Authors' response: This third level become apparent only when an analogy with an ecological concept is considered, which was not clearly stated. The intra-genomic competition may be compared to competition between individuals for the same resource in a unique ecological niche. A TE family in one genome corresponds then to a population. The intra-populational level represents a metapopulation in which TE populations mix by a kind of migration process triggered by sex. By analogy, horizontal escape toward a new genome can be viewed as new ecological niche colonization and represents the extreme case of migration with foundation of a new isolated population and ultimately allopatric speciation. (In comparison a static host gene (allele) will not use the intra-genomic level to expand). We agree that the ability to transfer horizontally does not impact the TE dynamics at the species level, but provides only new seeds for TE expansion in the living world as a whole. The idea has been reformulated, hopefully with more clarity.

The authors often refer to the conflicting, and seemingly dichotomous, notions of transposable elements as genomic parasites versus the creative or adaptive contributions that the elements make to their host genomes throughout the manuscript. However, these two concepts are not mutually exclusive. In a very nice review on this topic (Kidwell MG and Lisch D 2001 Perspective: transposable elements, parasitic DNA, and genome evolution in Evolution 55:1-24), the authors nicely lay out the idea that transposable elements do not exclusively occupy extreme positions on either end of this dichotomy. They hold, rather, that transposable elements can best be considered as occupying a variety of positions on a dynamic continuum from extreme parasitism to obligate mutualism. This kind of more nuanced perspective would add nicely to the evolutionary role of transposable elements presented here.

Authors' response: We agree with the view of Kidwell and Lisch. However we cannot deny that TE are intrinsically selfish, which was our starting point to further pinpoint facts that actually support other TE-host relationships. The concerned parts have been modified to erase the impression of too clear-cut views.

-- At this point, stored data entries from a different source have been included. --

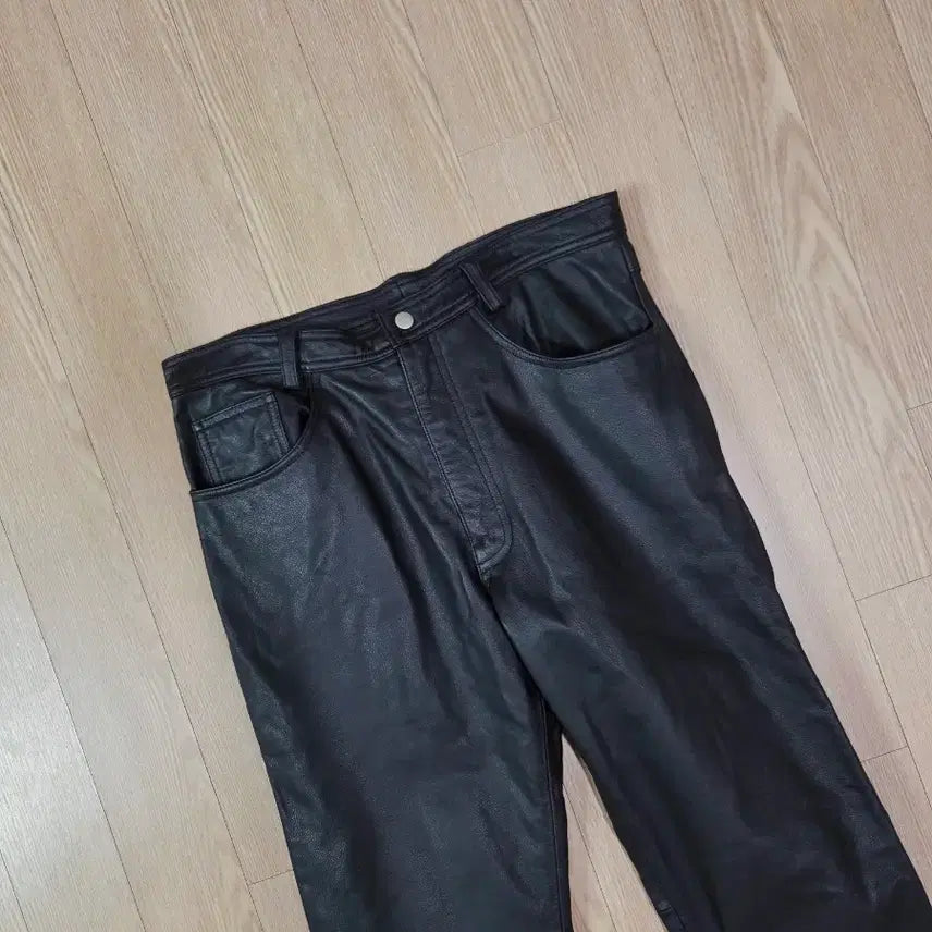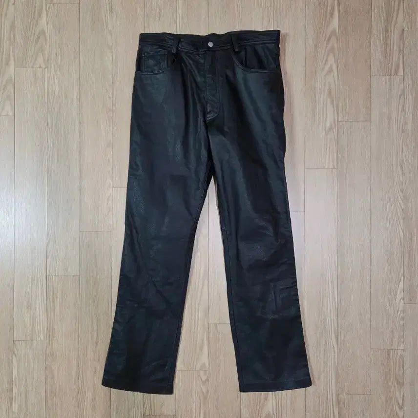 [BUNJANG] MTD Black Lambskin Leather Straight Pants / MTD 블랙 램스킨 레더 스트레이트 팬츠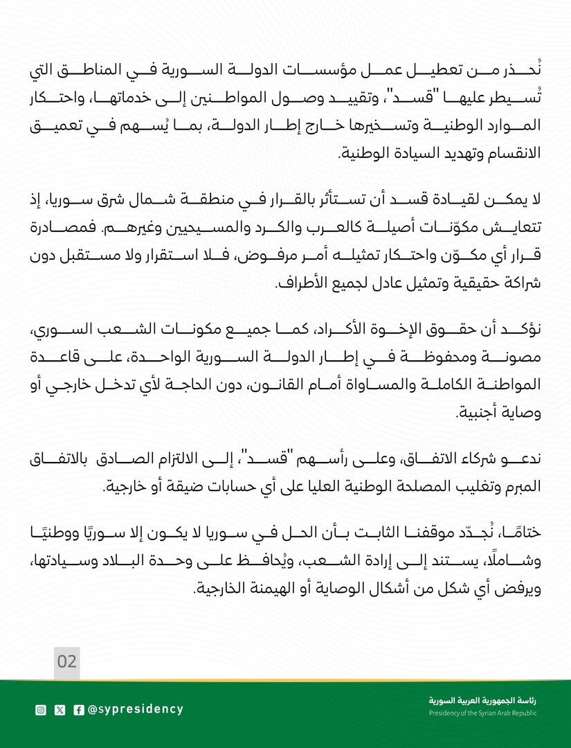 الرئاسة السورية حول الاتفاق مع "قسد": نرفض أي محاولات لفرض واقع تقسيمي أو إنشاء كيانات منفصلة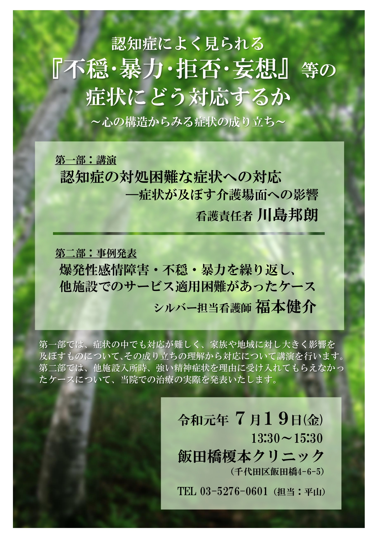 【2019.7.19(金)】飯田橋シルバーフロア講演会「認知症によくみられる 『不穏・暴力・拒否・妄想』等の症状にどう対応するか ~心の構造からみる症状の成り立ち~」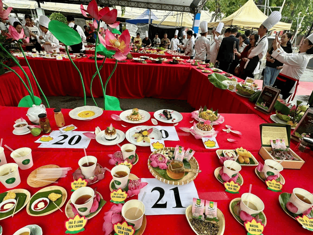 Hai đội đại diện cho Đất Sen Hồng – Du lịch Vườn Dừa Út Khuê và OolongSen (Ecohome) – đã mang đến những món ăn và thức uống sáng tạo, tôn vinh giá trị ẩm thực từ sen, góp phần lan tỏa tinh thần thuần chay và bản sắc văn hóa Đồng Tháp trong không gian lễ hội.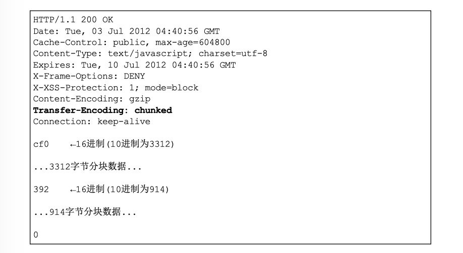 图中的用例,首部字段Transfer-Encoding中指定的那样,有效使用分块传输编码,且分别被分成3312字节和914字节大小的分块数据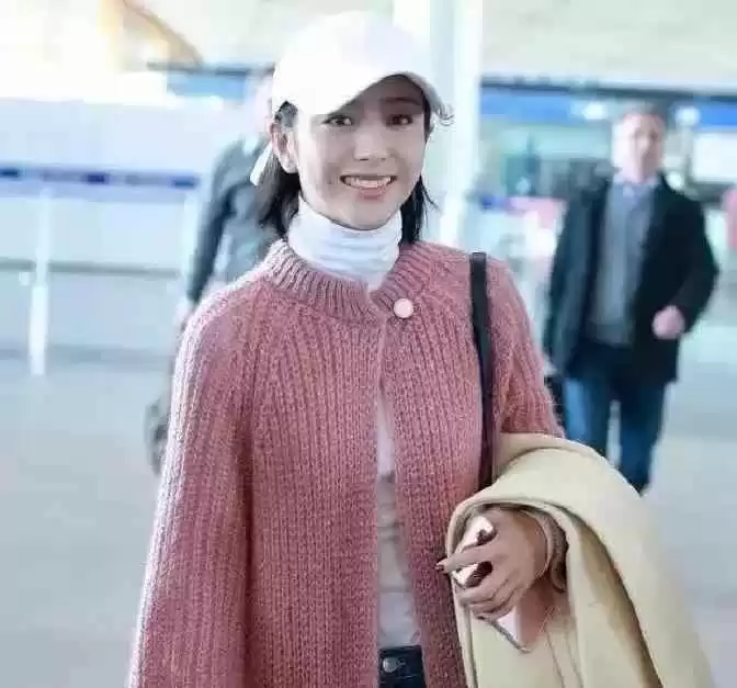 佟丽娅机场私服大秀搭配功力!针织大衣+牛仔裤,穿出年轻时尚感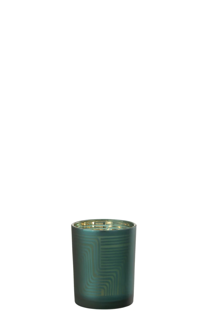 Ontdek sfeervol groen glas voor vensterbank of salontafel; klein formaat 10 bij 10 centimeter, hoogte 12,5 centimeter, materiaal glas (100%), onderdeel Hiver 2023, merk J-Line. Weegt 0,54 kg; ideaal voor theelichtjes en warme, subtiele verlichting.
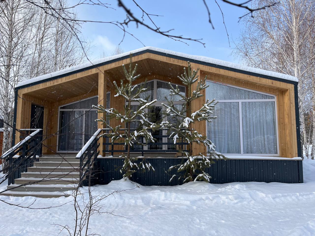 Одноэтажный дом с современной архитектурой кровли и панорамным остеклением в зоне гостиной с большими комнатами и террасами. Предназначен для проживания семьи из 4-6 человек.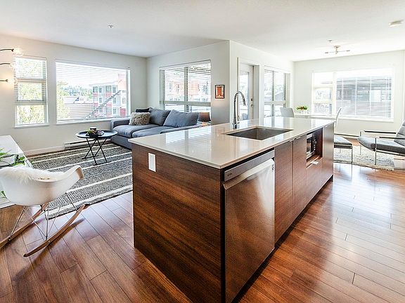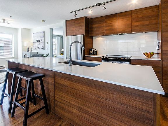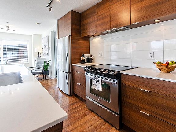 THE BEST CORNER UNIT offering S/E exposure, w oversized windows for loads of natural light. This well thought-out flr plan has a unique open concept living space w 2 good sized bedrms that are well separated. Gourmet kitch w quartz countertops, lg island w seating for 4, SS appliances & pantry. Spa primary ensuite w deep soaker tub, sep glass shower & lots of counter space. Second bedrm has bath w shower & murphy bed. A spacious, private balcony for BBQs or green thumbs. Freshly painted w attractive panelling in kitchen creates a great canvas. In suite laundry. Pets welcome w lovely trails very close by. Well equipped gym, party rm & bike room in building. Shopping, trails, restaurants & transit all a short walk away. 1 parking, 1 locker & bike storage. OPEN SAT OCT 4TH 2-4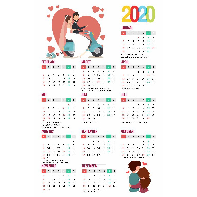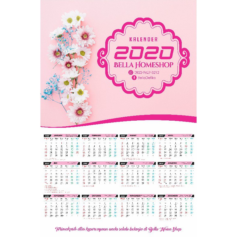 Kalender Dinding 1 Tahunan (12 bulan) 2020 Custom Foto (min order 100)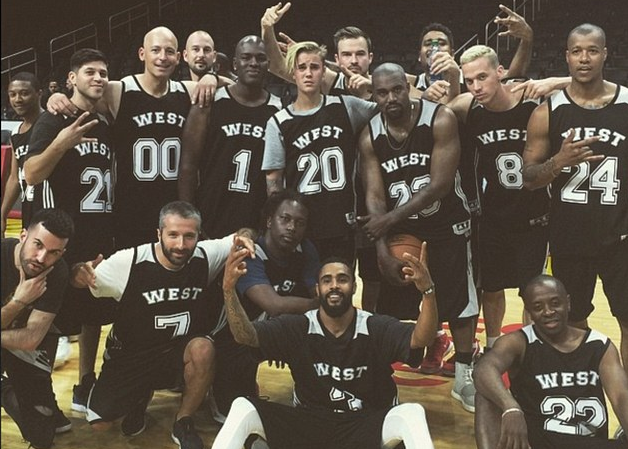 As we mentioned above, Justin Bieber was invited to this basketball party. And of course, he tried to steal some of the attention away from Kanye West. He posted the photo you see below to his Instagram account. As you can clearly see, he’s the only douchebag lifting up his shirt in the photo.

Apparently the manuscript was written by a non-native English speaker and it has numerous grammatical errors. The authors should proof the manuscript closely for these and other language related issues or enlist a native English speaking colleague to help with this. For instance, the last sentence in the abstract that reads 'The review attaches to explore ...' does not make sense. The presence of many errors of this kind has the unfortunate effect of obscuring the important message of the manuscript as well as the authors' unique perspective on transposable elements.

Authors' response: The revised text was corrected by a native English speaker.